Start the day with a low-burning breakfast even if you’re a morning exerciser. The body goes into fasting mode at night and by morning needs food to replenish the blood-glycogen stores that fuel your morning workout. Hitting the gym or running a few miles before breakfast stresses an already-starving body, and your workout will suffer.

Opt for breakfast foods that include a balance of carbohydrates, lean proteins, and fats, such as oatmeal with flaxseed oil, raisins, and almond milk rather than sugar-laden processed cereal that causes a blood-sugar spike and subsequent drop in energy.
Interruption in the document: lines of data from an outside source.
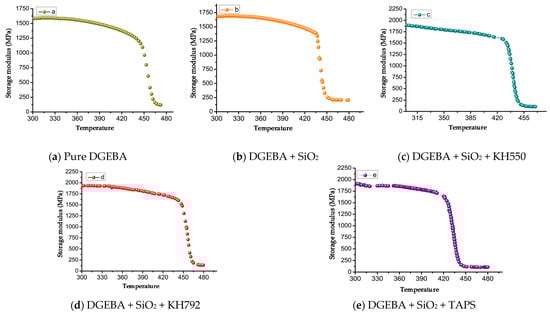 Figure 3 shows the storage modulus of the five models at different temperatures. It can be seen that the storage modulus of the five groups of models decreased as the temperature increased. In the beginning, the decrease was relatively gentle. When it reached a certain temperature, a sharp decrease appeared, which should be related to the glass transition temperature of materials. The storage modulus of the five models a, b, c, d, and e at 300 K are 1680 MPa, 1720 MPa, 1879 MPa, 1956 MPa, and 1915 MPa, respectively. After the silane coupling agent was grafted onto the surface of the nanoparticles, the storage modulus was effectively increased, among which the grafted KH792 had the most obvious improvement of 276 MPa over the pure epoxy resin.
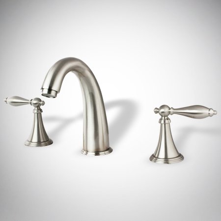 -. Feature : Solid brass construction / Finish: Brushed Nickel / 8" Widespread 3-hole mount / Dual-handle control / Drip-free ceramic disc cartridge
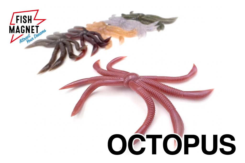 元祖オクトパスは遡ること15年以上前、かつてストレートワームを4本房掛けにして使用していたオクトパス。今回、マガテールをベースにその繊細さと強波動を融合した異次元のアクションをワーム単体で再現しました。一体化になり煩雑だったセッティングを不要となりオリジナル以上の水押しの強さにより集魚力も格段に向上しました。
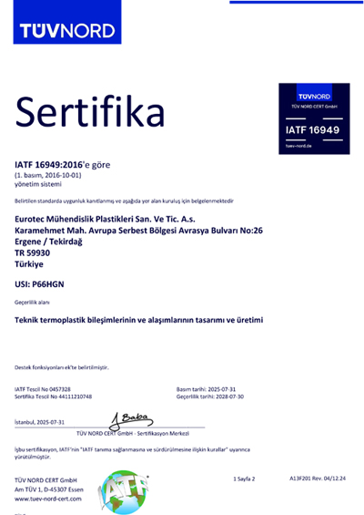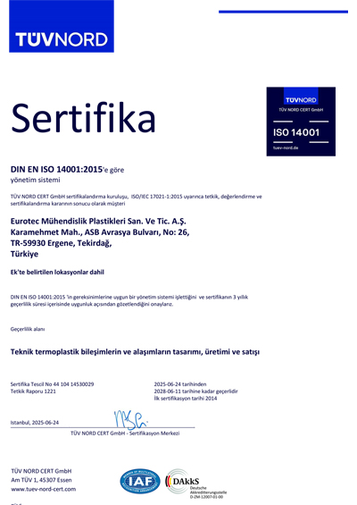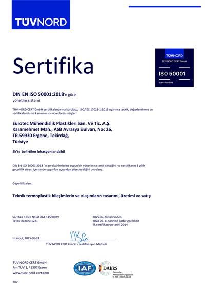 eurotecMühendislik Plastikleri Sanayi ve Ticaret A.Ş. olarak vizyon, misyon, ilke ve değerlerimiz doğrultusunda oluşturduğumuz yönetim sistemlerimiz ile sürdürülebilir kalkınmaya katkıda bulunmayı ve sektörümüzde en saygın olmayı amaçlıyoruz.
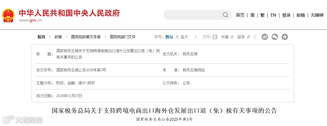 离境即退税!税务总局发文支持跨境电商出口海外仓发展
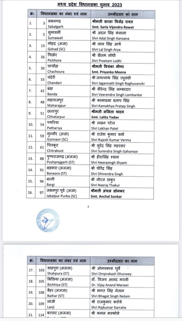 મધ્યપ્રદેશ વિધાનસભાની 39 બેઠકો માટે ઉમેદવારો જાહેર (BJP Candidates List for Madhya Pradesh Assembly Election 2023)
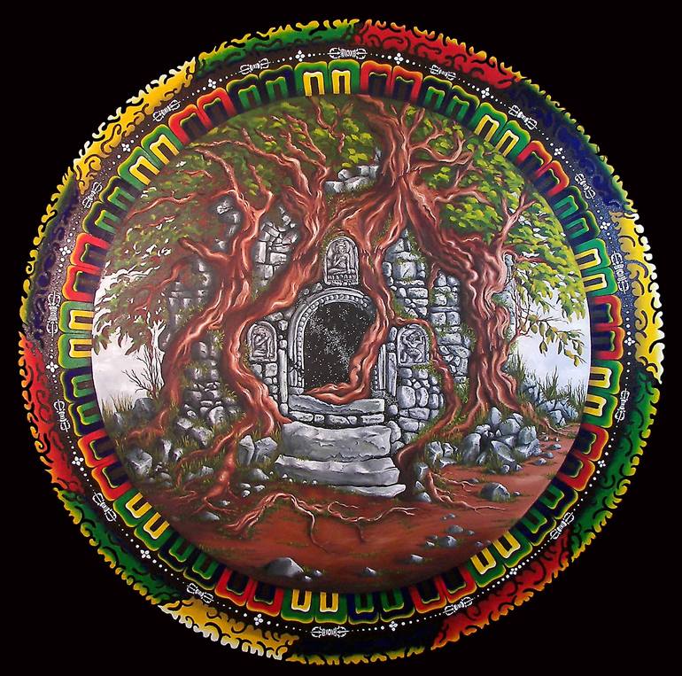 I painted this just after my mother died, adding her ashes into the paint. It's done in a traditional mandala style and represents the passing of the spirit.

How do you know if you’re eating enough to fuel your active lifestyle? Start by calculating your body’s actual caloric needs. You can do this with the help of a tracking app, such as MyFitnessPal, or the Institute of Medicine’s general recommendations based on gender, age, and activity level. It’s also important to tune in to what your body is telling you.

The following seven signs may be indications that that you need to consume more calories.

1. Post-workout fatigue.

Feel drowsy after your workout? Resist a short-lived energy boost from caffeine or sweets and instead focus on healthy refueling. Eat within the “recovery window,” which is within 30 minutes of completing the activity. This snack should include carbohydrates and protein, both of which are essential to muscle-building and recovery processes.

2. Low immunity.

A negative energy balance compromises the function of key bodily systems, including the immune system. Without energy to fight off bugs, you risk falling ill to viruses that come your way.
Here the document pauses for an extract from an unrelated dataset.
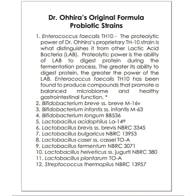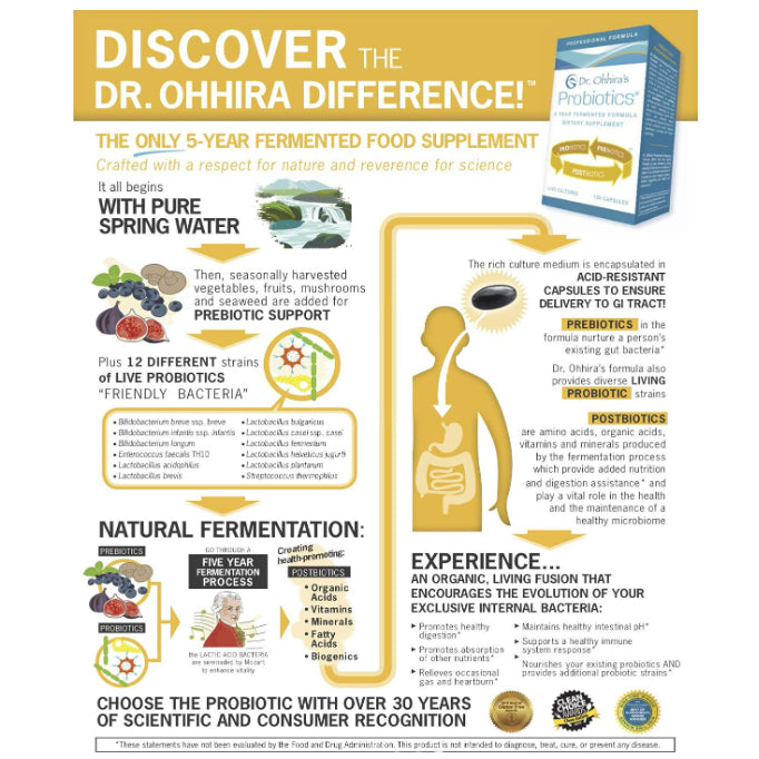 Natural Fermentation: Dr. Ohhira's probiotics are known for their use of natural fermentation processes. This process not only produces beneficial probiotic strains but also includes prebiotics and postbiotics that support gut health.

3. Recurring sports injuries and soreness.

The process by which you build stronger muscles and improve aerobic fitness begins with breaking down tissues. Eat enough to support the post-workout healing processes and you’ll prevent injury while building a stronger, fitter body.

4. Waning motivation.

Exercise makes you feel good, so if you struggle to do activities you normally enjoy, take a close look at your eating habits. Not eating enough can affect mood and mental function, which makes it harder to motivate to exercise.

5. Disrupted sleep.

When burning more calories than you’re taking in, the body remains in a state of stress, which disturbs your natural sleep cycle. Waking at 2 or 3 a.m. and having trouble falling back to sleep? Eating more throughout the day may help.

6. Weight gain.

Though it seems backward, not eating enough for your activity level makes you gain weight. A nutritionally stressed body goes into preservation mode by shifting hormones and slowing metabolism in order to hold onto fat stores.

7. Irregular or ceased menstrual cycle.

When your body lacks the energy to menstruate monthly or at all for an extended period of time, you’re at risk for more severe conditions and should seek help from a doctor or a dietitian.